__REQUIRED WORK__: The required answer is the run of lines from the one holding "For the Swallow, I" to the end of the data below, copied exactly and free of pictures.

[Stored data entries]
---+---

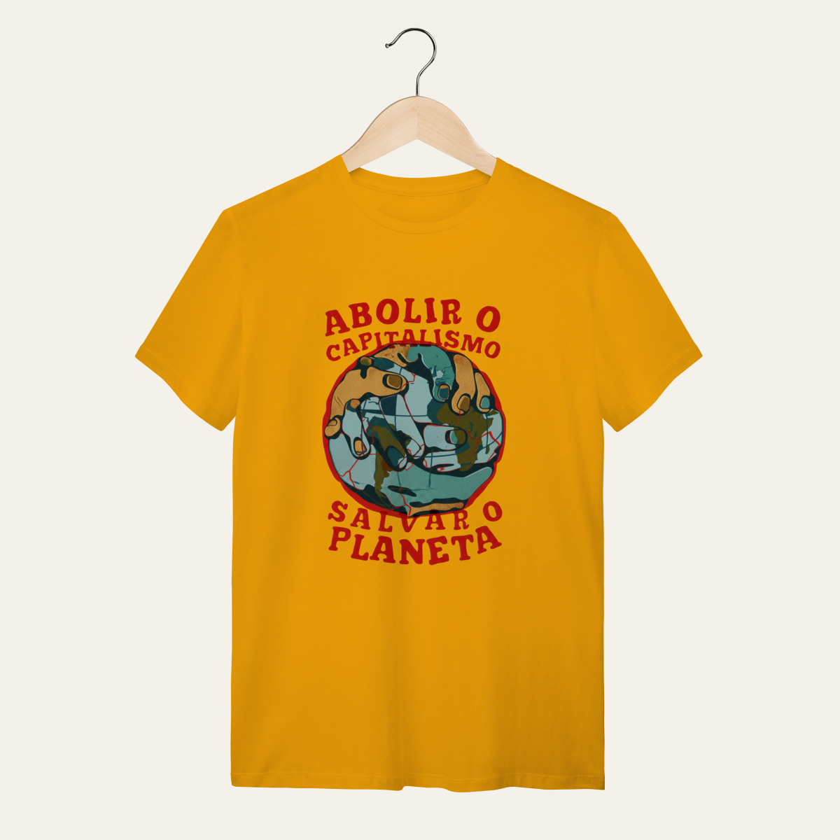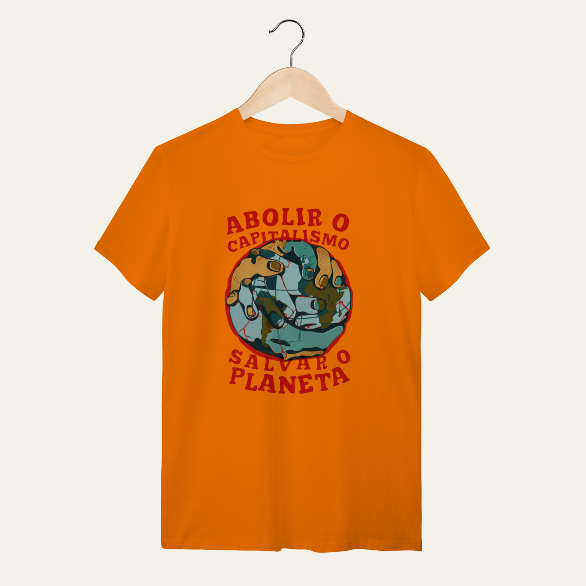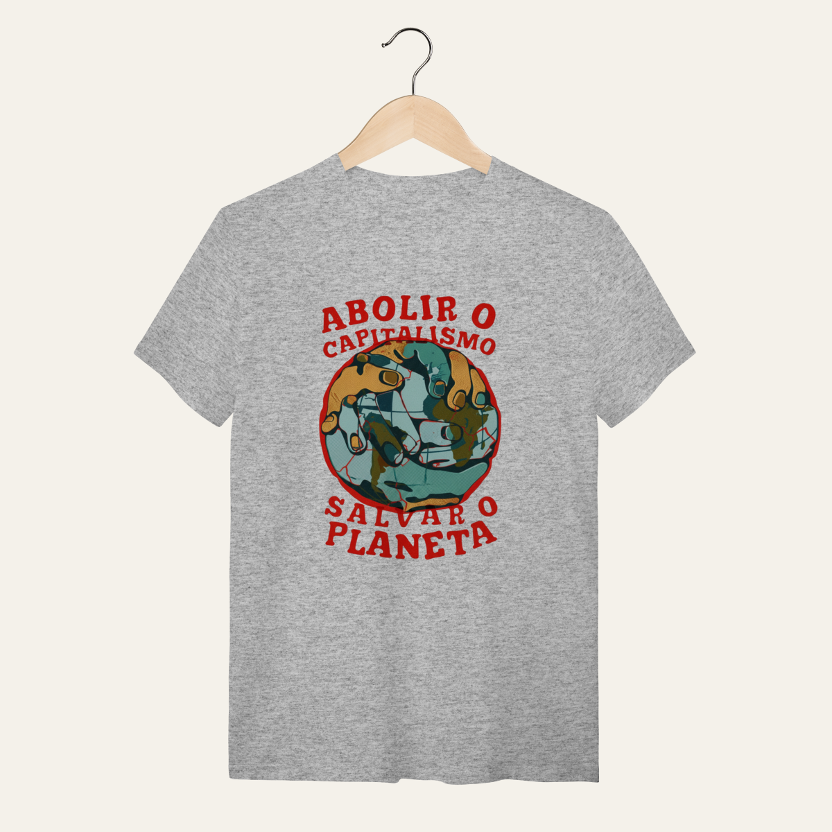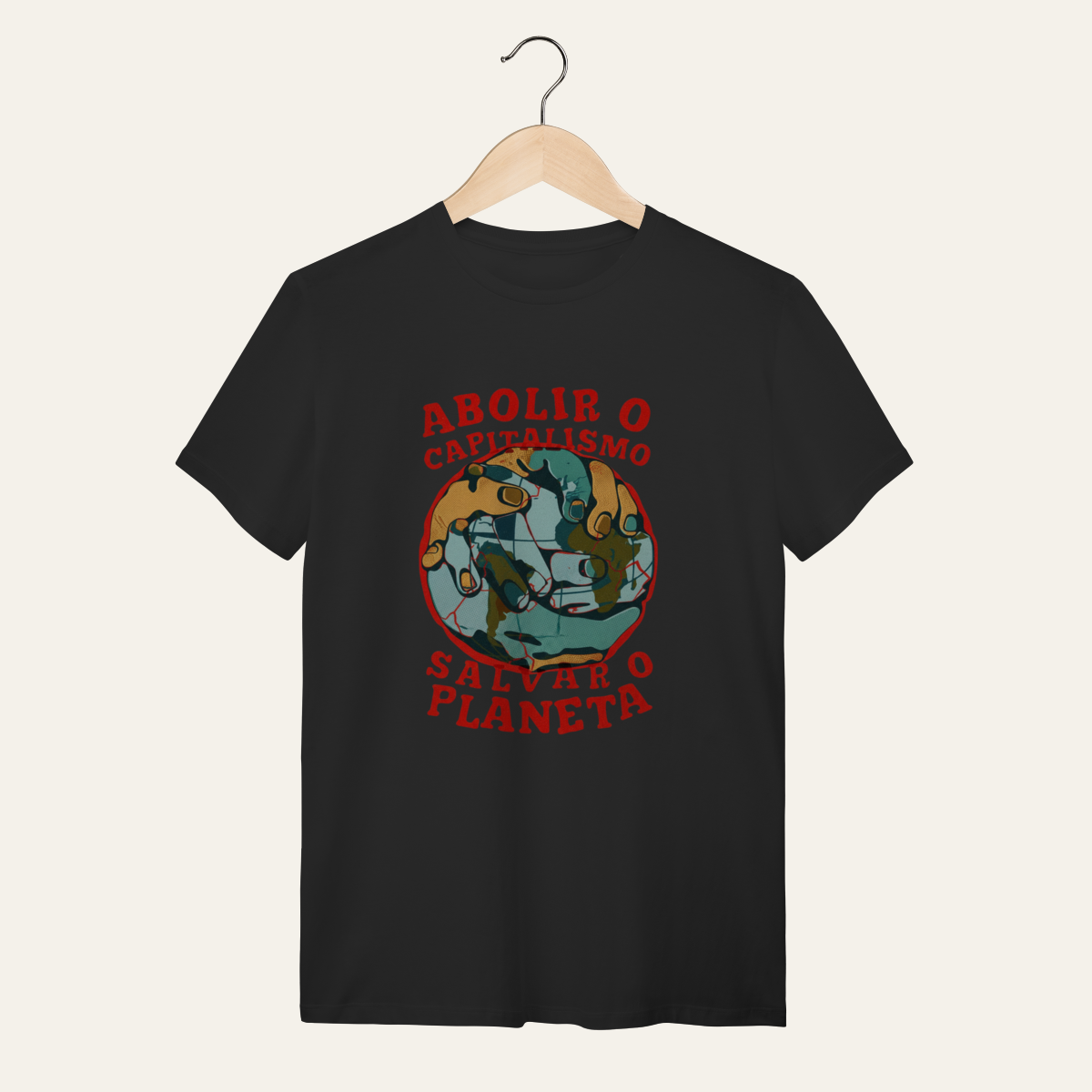 • O que essa peça representa: Esta não é apenas uma camiseta; é um manifesto visual que explica o que defendemos de um jeito fácil de entenderA frase "Abolir o Capitalismo, Salvar o Planeta" é a síntese de um posicionamento que reafirma que não há "Planeta B" dentro da lógica do lucroProjetada para a categoria Terra e Natureza, ela utiliza o design imponente para tirar a consciência ambiental dos livros e levá-la para a rua através de uma mensagem direta.
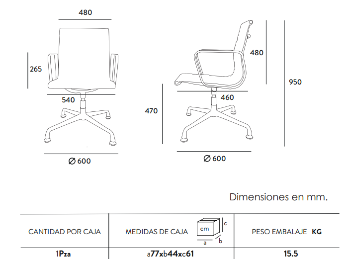 - Asiento y respaldo en forma de “L” en material de aluminio fundido
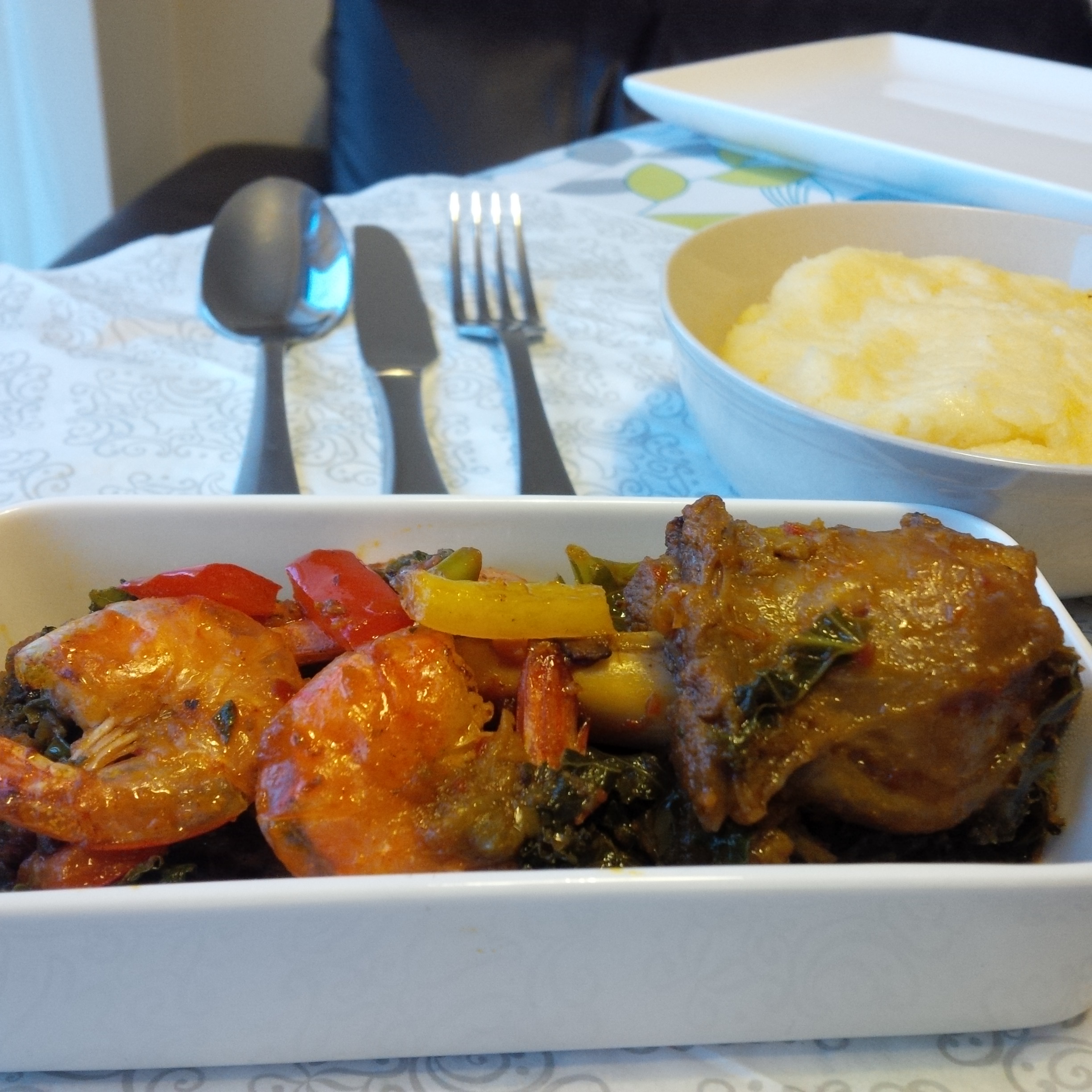 For the Swallow, I used coarse semolina and for the Efo I used Kale. Also featured are scotch bonnets (peppers), onions, palm oil, grilled prawns, lamb, locust beans (Iru) and Maggi.
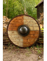 The round shield , made of wood reinforced with a metal umbo, was key in defense and attack. More than just protection, these pieces reflect the skill and prestige of each warrior.
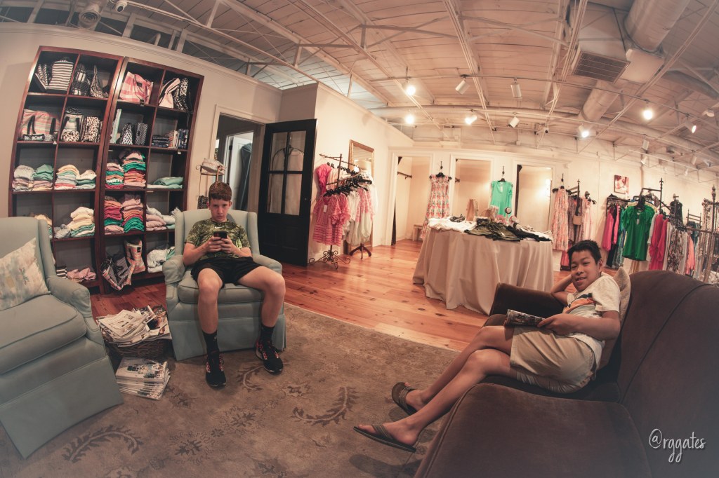 The town of Ocean Springs has a cute little shopping district adjacent to the WAMA, so Jenn and Lydia got to have a fun mother/daughter experience…. and Lincoln and Henry got to experience what it was like shopping with the ladies.  🙂
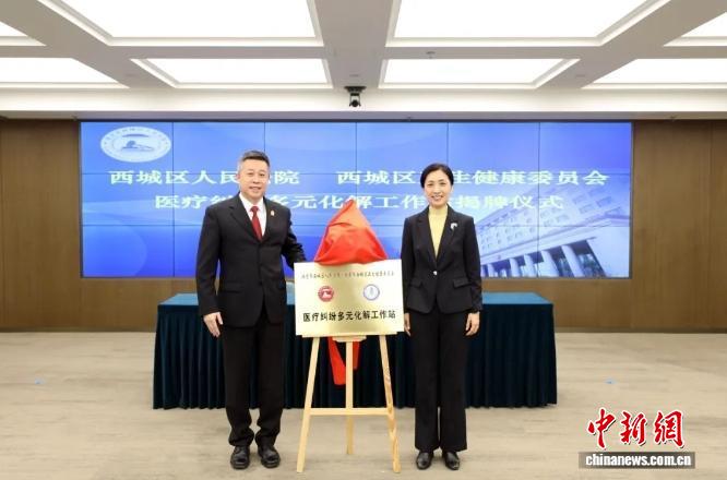 圖為“醫(yī)療糾紛多元化解工作站”揭牌。北京市西城區(qū)法院供圖
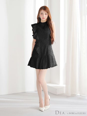 XSあり!男性ウケ抜群◎ 【DEA.by ROBE de FLEURS/ディア】ノースリーブ フリンジジャガード フリル ハイネック アシメ フレアミニドレス (DE4127)
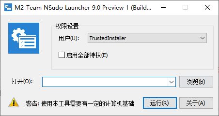 1、M2-Team NSudo提供管理员权限启动应用程序。
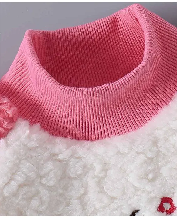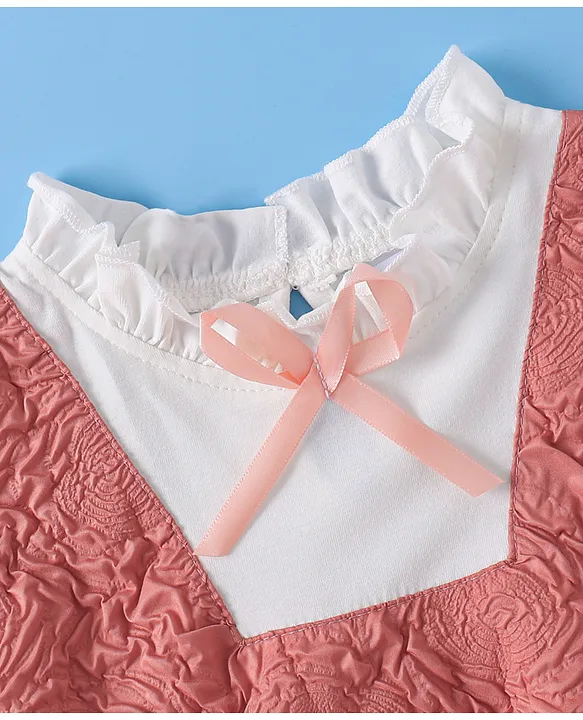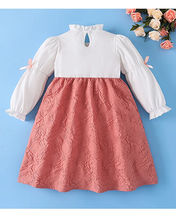 Mark & Mia Cotton Full Sleeves Winter Frock With Floral Embossed Textured With Bow Applique – Pink & White

---+---

__RESULT FOR THIS EXERCISE__:
 For the Swallow, I used coarse semolina and for the Efo I used Kale. Also featured are scotch bonnets (peppers), onions, palm oil, grilled prawns, lamb, locust beans (Iru) and Maggi.
 The round shield , made of wood reinforced with a metal umbo, was key in defense and attack. More than just protection, these pieces reflect the skill and prestige of each warrior.
 The town of Ocean Springs has a cute little shopping district adjacent to the WAMA, so Jenn and Lydia got to have a fun mother/daughter experience…. and Lincoln and Henry got to experience what it was like shopping with the ladies.  🙂
 圖為“醫(yī)療糾紛多元化解工作站”揭牌。北京市西城區(qū)法院供圖
 XSあり!男性ウケ抜群◎ 【DEA.by ROBE de FLEURS/ディア】ノースリーブ フリンジジャガード フリル ハイネック アシメ フレアミニドレス (DE4127)
 1、M2-Team NSudo提供管理员权限启动应用程序。
 Mark & Mia Cotton Full Sleeves Winter Frock With Floral Embossed Textured With Bow Applique – Pink & White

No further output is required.